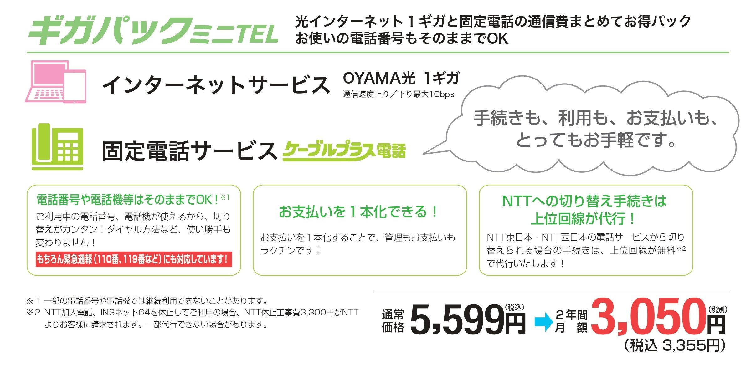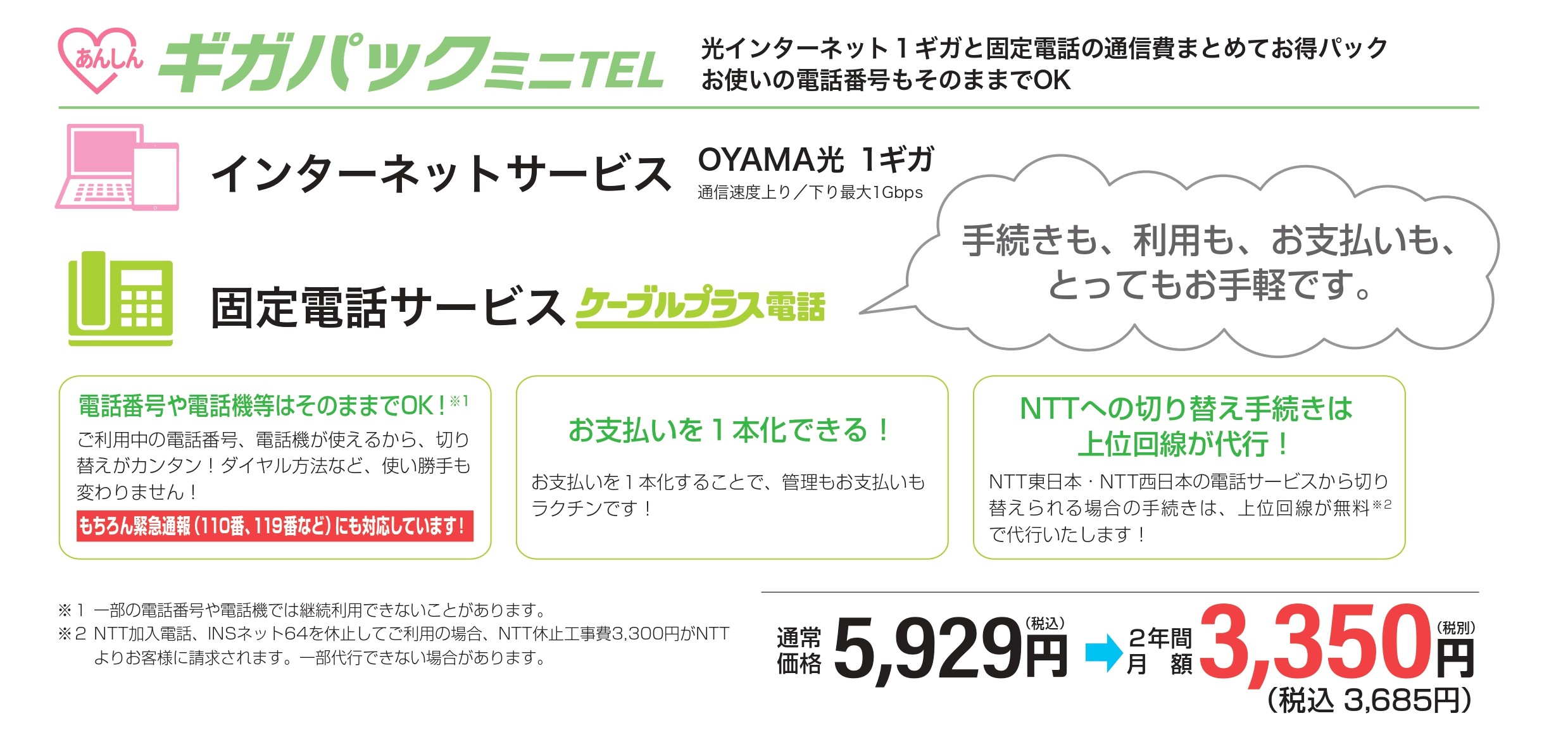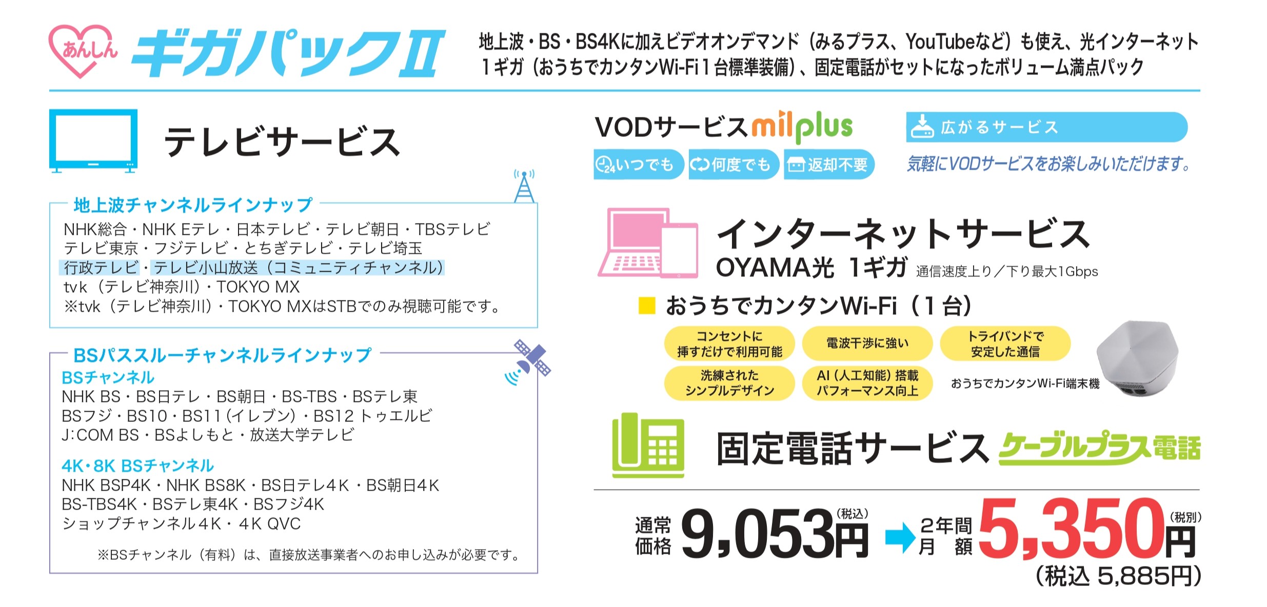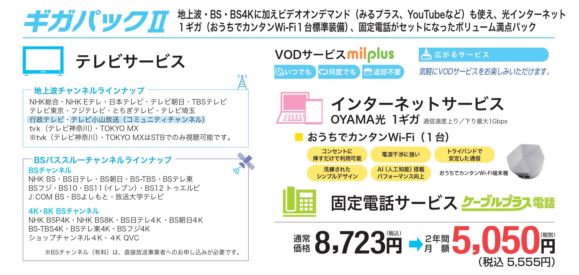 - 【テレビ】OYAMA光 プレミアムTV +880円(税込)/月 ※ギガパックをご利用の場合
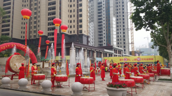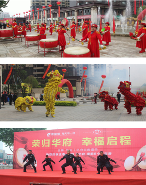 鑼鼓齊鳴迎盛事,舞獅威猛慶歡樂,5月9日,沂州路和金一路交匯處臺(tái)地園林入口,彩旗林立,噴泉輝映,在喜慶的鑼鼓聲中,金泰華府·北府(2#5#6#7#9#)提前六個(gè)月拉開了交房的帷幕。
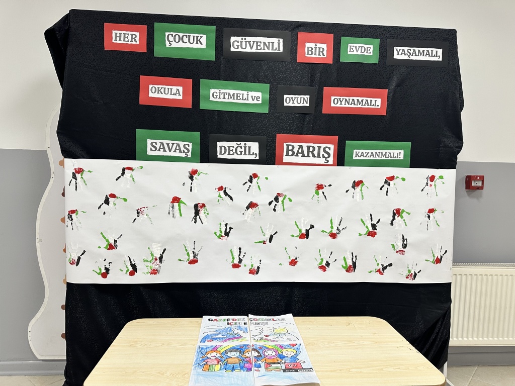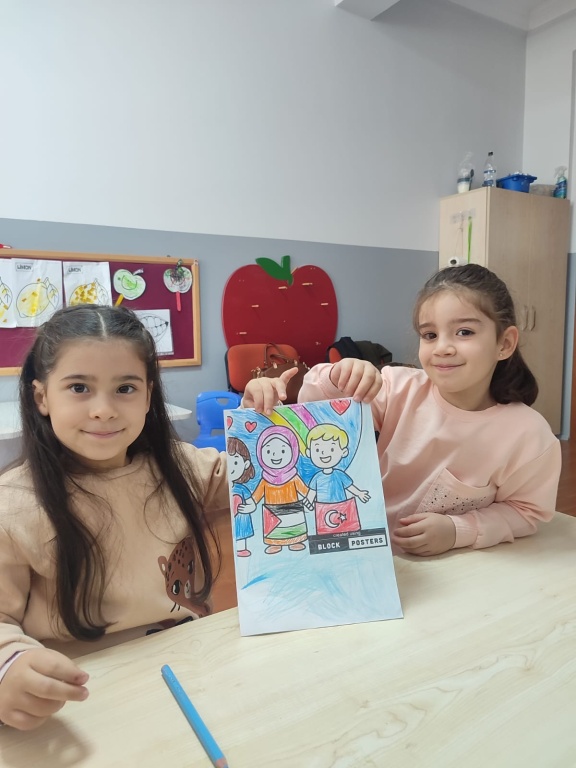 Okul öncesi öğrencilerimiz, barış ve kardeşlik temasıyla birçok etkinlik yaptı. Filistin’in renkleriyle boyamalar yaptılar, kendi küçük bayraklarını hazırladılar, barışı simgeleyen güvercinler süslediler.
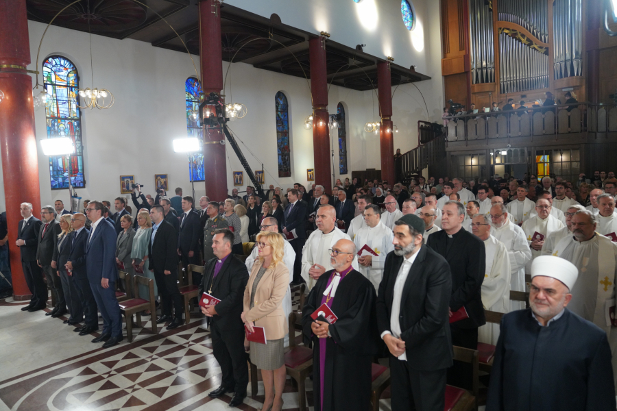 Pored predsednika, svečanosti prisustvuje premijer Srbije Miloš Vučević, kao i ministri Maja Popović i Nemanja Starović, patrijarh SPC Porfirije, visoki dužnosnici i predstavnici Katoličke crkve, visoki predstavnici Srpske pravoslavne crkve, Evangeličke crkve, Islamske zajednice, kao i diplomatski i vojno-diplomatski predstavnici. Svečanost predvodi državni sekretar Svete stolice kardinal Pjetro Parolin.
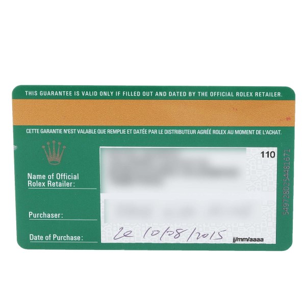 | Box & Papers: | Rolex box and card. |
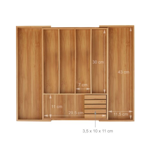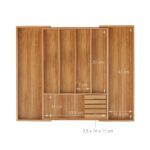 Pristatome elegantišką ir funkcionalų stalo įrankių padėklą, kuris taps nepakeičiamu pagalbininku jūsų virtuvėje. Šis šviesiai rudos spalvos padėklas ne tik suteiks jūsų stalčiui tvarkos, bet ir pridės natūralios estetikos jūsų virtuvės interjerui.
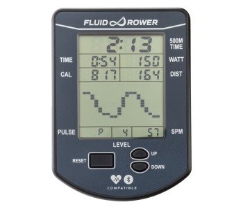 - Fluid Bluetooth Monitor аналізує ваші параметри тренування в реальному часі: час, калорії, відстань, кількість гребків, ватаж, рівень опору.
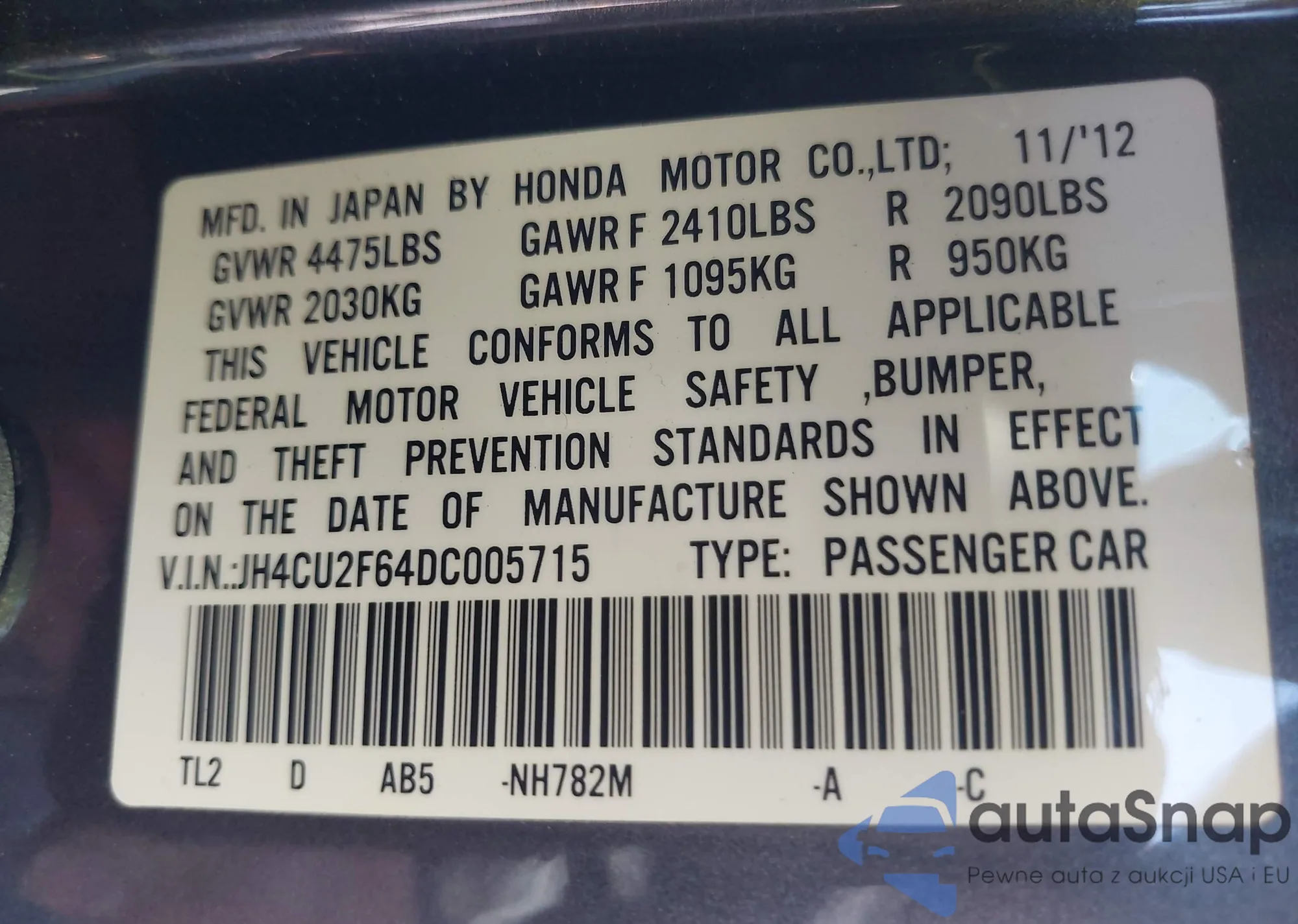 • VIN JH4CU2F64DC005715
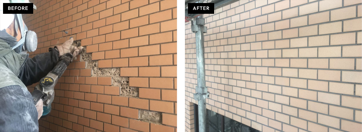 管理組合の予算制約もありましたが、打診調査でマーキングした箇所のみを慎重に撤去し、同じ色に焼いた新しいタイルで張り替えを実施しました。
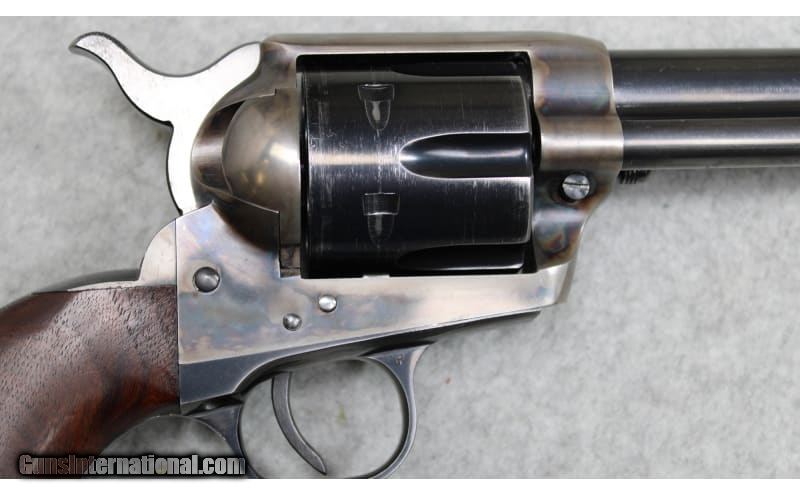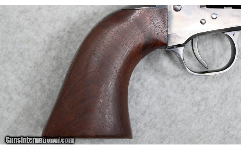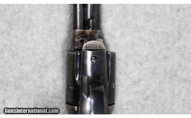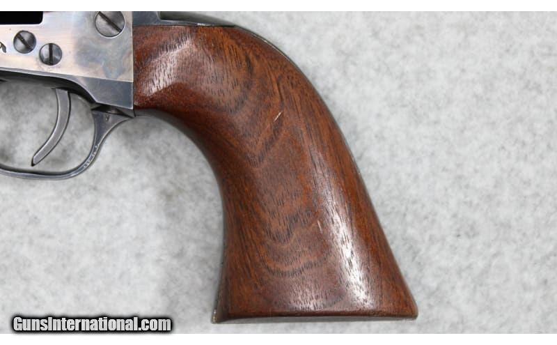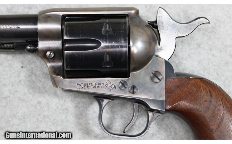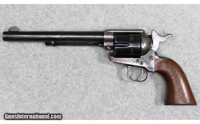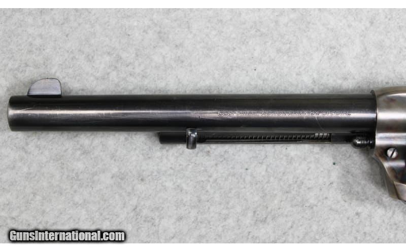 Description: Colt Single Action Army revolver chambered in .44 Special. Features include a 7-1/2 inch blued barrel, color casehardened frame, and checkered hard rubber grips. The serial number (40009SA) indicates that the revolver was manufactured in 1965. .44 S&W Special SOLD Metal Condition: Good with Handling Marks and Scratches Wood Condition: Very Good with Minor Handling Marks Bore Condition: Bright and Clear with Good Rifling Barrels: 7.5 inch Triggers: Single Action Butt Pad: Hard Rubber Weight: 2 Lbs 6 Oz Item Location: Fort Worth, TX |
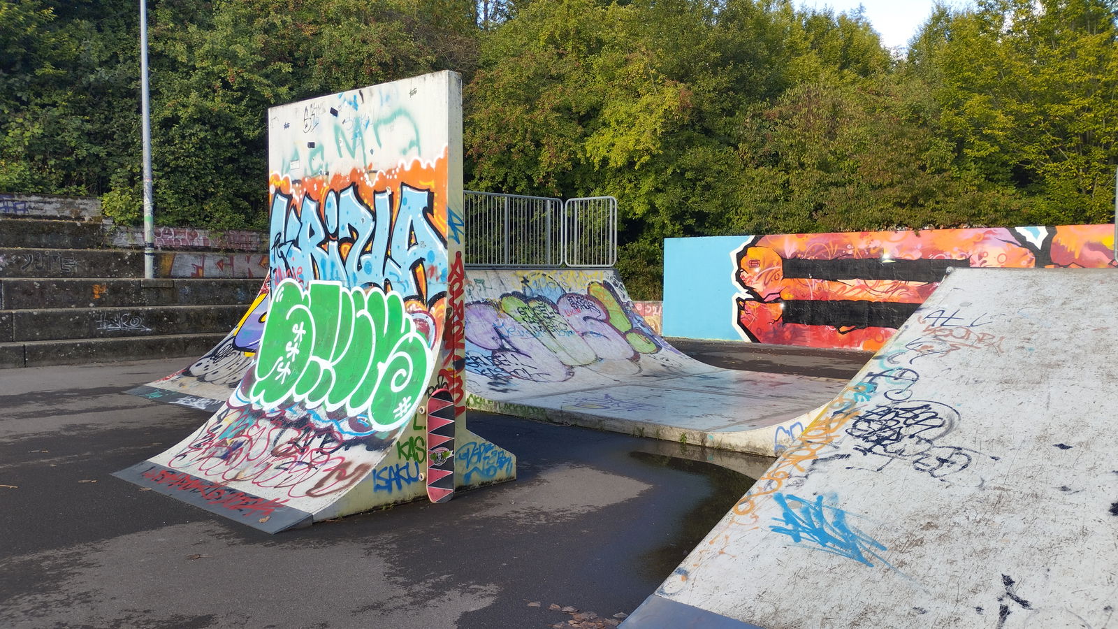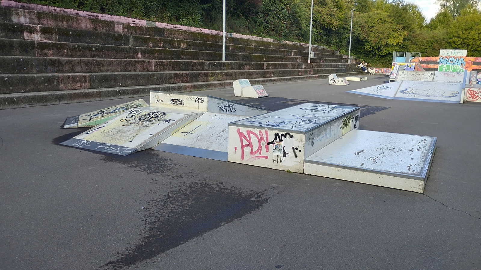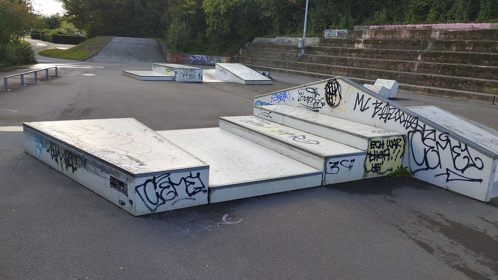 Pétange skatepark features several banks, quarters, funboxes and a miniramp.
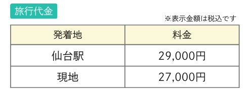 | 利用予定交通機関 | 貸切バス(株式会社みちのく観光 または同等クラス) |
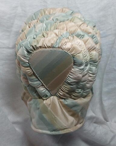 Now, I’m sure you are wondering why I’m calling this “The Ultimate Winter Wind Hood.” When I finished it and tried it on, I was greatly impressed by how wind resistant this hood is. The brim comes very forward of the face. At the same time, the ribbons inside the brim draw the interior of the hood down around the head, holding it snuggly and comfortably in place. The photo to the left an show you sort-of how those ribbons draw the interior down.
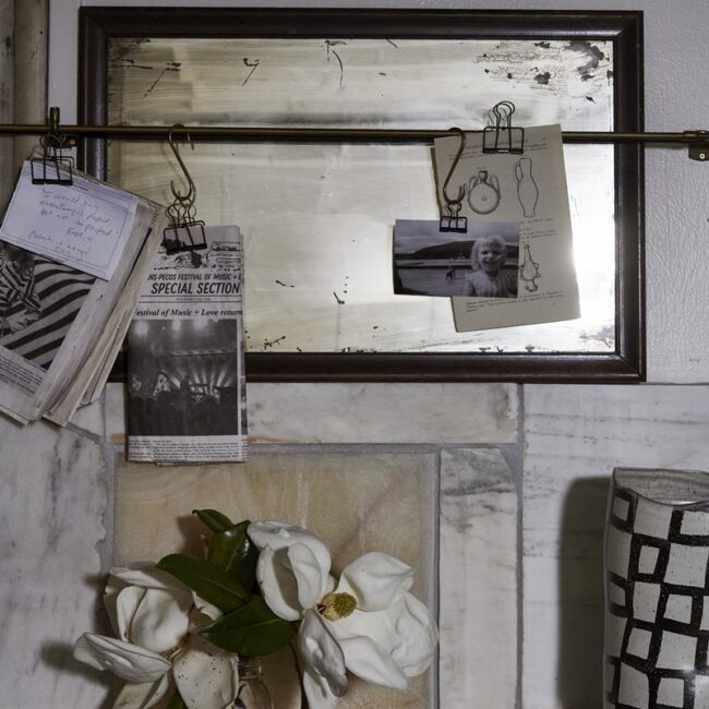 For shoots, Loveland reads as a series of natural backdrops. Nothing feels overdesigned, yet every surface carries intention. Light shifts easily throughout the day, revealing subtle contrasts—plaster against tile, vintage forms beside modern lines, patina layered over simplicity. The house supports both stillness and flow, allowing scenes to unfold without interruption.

• [Exercise objective]: Transcribe only this stretch of the data: the line with "鑼鼓齊鳴迎盛事,舞獅威猛慶歡", the line with "管理組合の予算制約もありまし", and every line in between. Leave out the pictures.

• [Solved exercise]:
 鑼鼓齊鳴迎盛事,舞獅威猛慶歡樂,5月9日,沂州路和金一路交匯處臺(tái)地園林入口,彩旗林立,噴泉輝映,在喜慶的鑼鼓聲中,金泰華府·北府(2#5#6#7#9#)提前六個(gè)月拉開了交房的帷幕。
 Okul öncesi öğrencilerimiz, barış ve kardeşlik temasıyla birçok etkinlik yaptı. Filistin’in renkleriyle boyamalar yaptılar, kendi küçük bayraklarını hazırladılar, barışı simgeleyen güvercinler süslediler.
 Pored predsednika, svečanosti prisustvuje premijer Srbije Miloš Vučević, kao i ministri Maja Popović i Nemanja Starović, patrijarh SPC Porfirije, visoki dužnosnici i predstavnici Katoličke crkve, visoki predstavnici Srpske pravoslavne crkve, Evangeličke crkve, Islamske zajednice, kao i diplomatski i vojno-diplomatski predstavnici. Svečanost predvodi državni sekretar Svete stolice kardinal Pjetro Parolin.
 | Box & Papers: | Rolex box and card. |
 Pristatome elegantišką ir funkcionalų stalo įrankių padėklą, kuris taps nepakeičiamu pagalbininku jūsų virtuvėje. Šis šviesiai rudos spalvos padėklas ne tik suteiks jūsų stalčiui tvarkos, bet ir pridės natūralios estetikos jūsų virtuvės interjerui.
 - Fluid Bluetooth Monitor аналізує ваші параметри тренування в реальному часі: час, калорії, відстань, кількість гребків, ватаж, рівень опору.
 • VIN JH4CU2F64DC005715
 管理組合の予算制約もありましたが、打診調査でマーキングした箇所のみを慎重に撤去し、同じ色に焼いた新しいタイルで張り替えを実施しました。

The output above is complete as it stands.